#### [Recorded data]

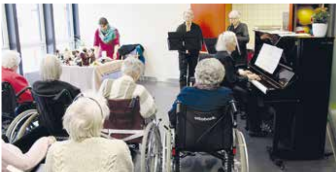
GD im Pflegeheim

Die grosszügige Kollekte von Fr. 604.00 wird philippinischen Frauen helfen, sich selber zu helfen – mit Berufsausbildungen in ökologischer Landwirtschaft, als Schneiderin und hilft, die Rechtsberatung für ausgebeutete Frauen auszubauen. Beim anschliessenden Zusammensein mit Getränken und verschiedenen philippinischen Spezialitäten blieb Zeit für Austausch und Gespräch.
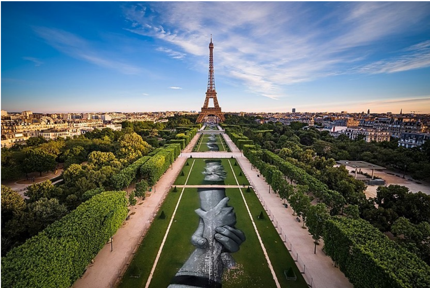
SAYPE, Beyond Walls, Step 1 : Paris , Peinture biodégradable sur herbe, 15.000m 2 , Paris (FR) 2019.
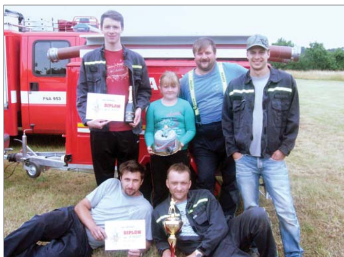
Vítězné družstvo hasičské soutěže v Rasoškách 27. června
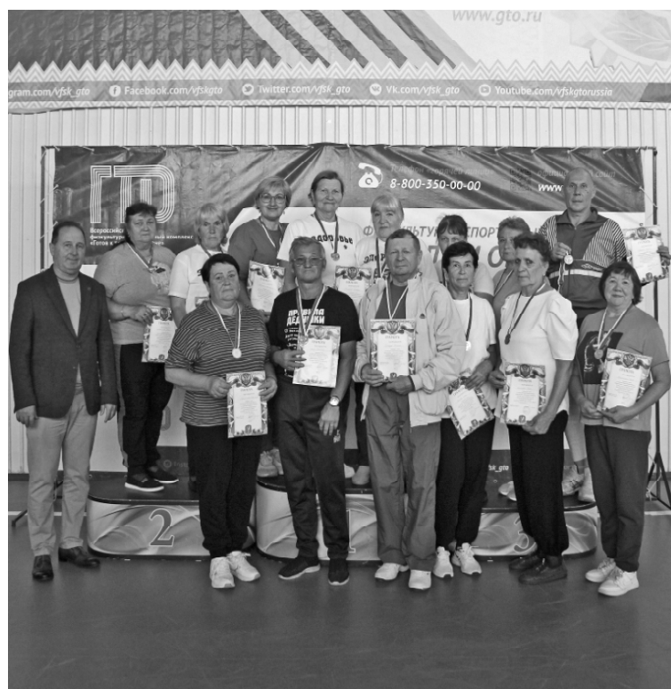
➤ Лидеры фестиваля «Долголетие по-тюменски»
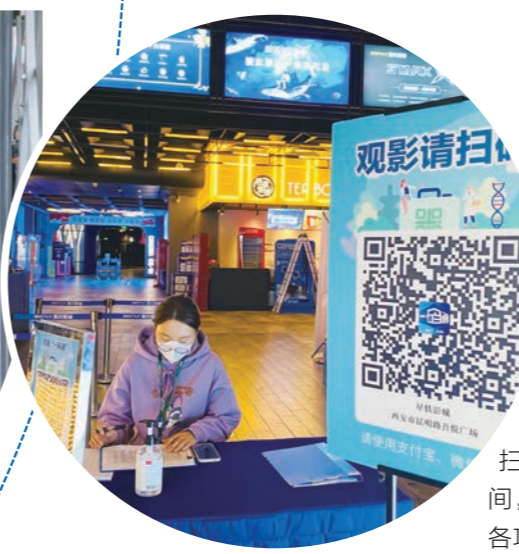
▲ 各大商场严格执行扫码测温戴口罩

疫情期间，为保障游客安全游玩，诗经里小镇每日进行四次防疫消杀，全方位做好园区清洁消毒工作。并要求所有游客进入景区时必须出示本人预约二维码或有效身份证件、西安一码通（绿
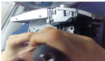
18 将原车安装支架装配到主机上
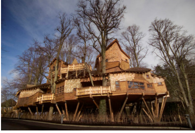
Restaurant des Alnwick Poison Garden

Damit die Reise gelingt, sind wir aber auch auf Ihre Mithilfe angewiesen. Bitte teilen Sie uns mit, wenn Sie besondere Wünsche haben. Gerne versuchen wir Ihre Anregungen in den Programmverlauf einzubinden.
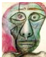
Pablo Picasso 1972

Maintenant, observe les autoportraits ci-dessous :
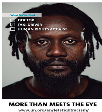
Figura 7 – EI more than meets the eye
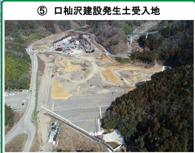
⑤ 口杣沢建設発生土受入地
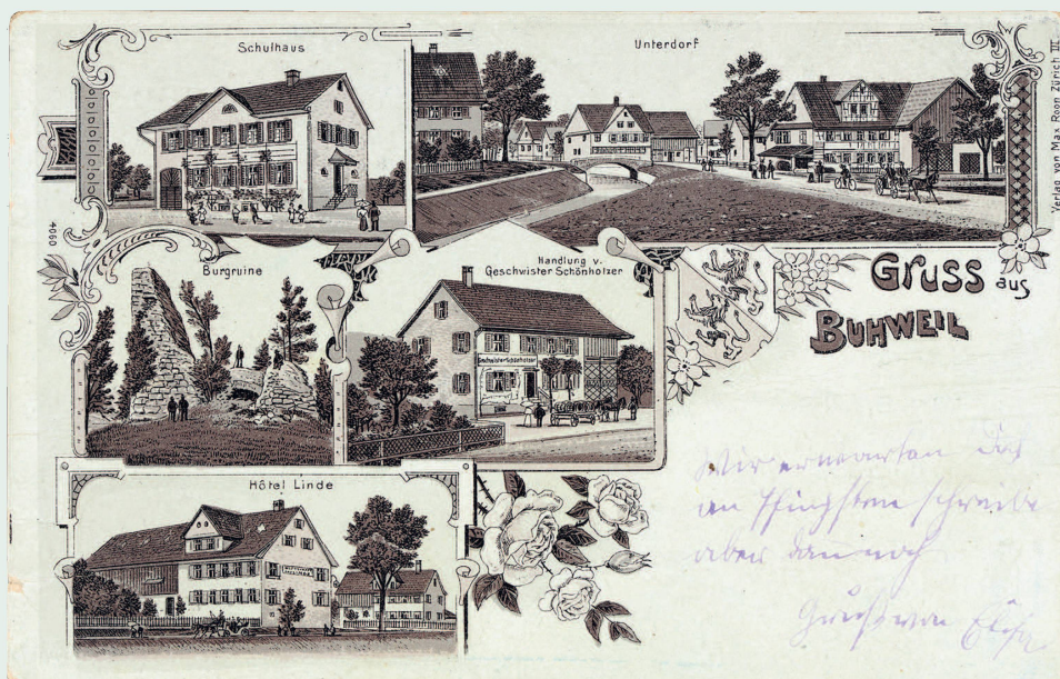
Postkarte von Buhwil, Fotolithografie um 1900. Die Ruine gehörte schon damals zu den Sehenswürdigkeiten des Dorfes.

Mag sein, dass Burgruinen speziell dafür prädestiniert sind, aber der «Denkmalschutz von unten», also von der Bevölkerung vor Ort erwünscht, finanziell und personell
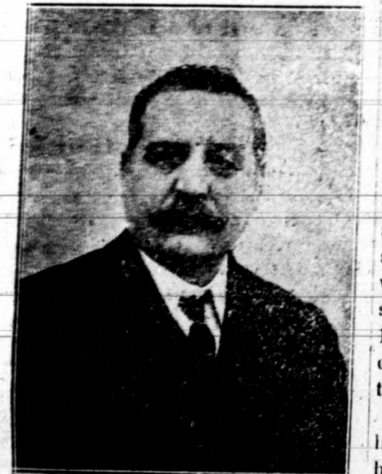
Don Tomás Alonso, Alcalde presidente del Ayuntamiento de Elche

#### [Work instruction]
For an answer, give a copy of every line in the listing that holds the word "aber".

#### [Output for this exercise]
Damit die Reise gelingt, sind wir aber auch auf Ihre Mithilfe angewiesen. Bitte teilen Sie uns mit, wenn Sie besondere Wünsche haben. Gerne versuchen wir Ihre Anregungen in den Programmverlauf einzubinden.
Mag sein, dass Burgruinen speziell dafür prädestiniert sind, aber der «Denkmalschutz von unten», also von der Bevölkerung vor Ort erwünscht, finanziell und personell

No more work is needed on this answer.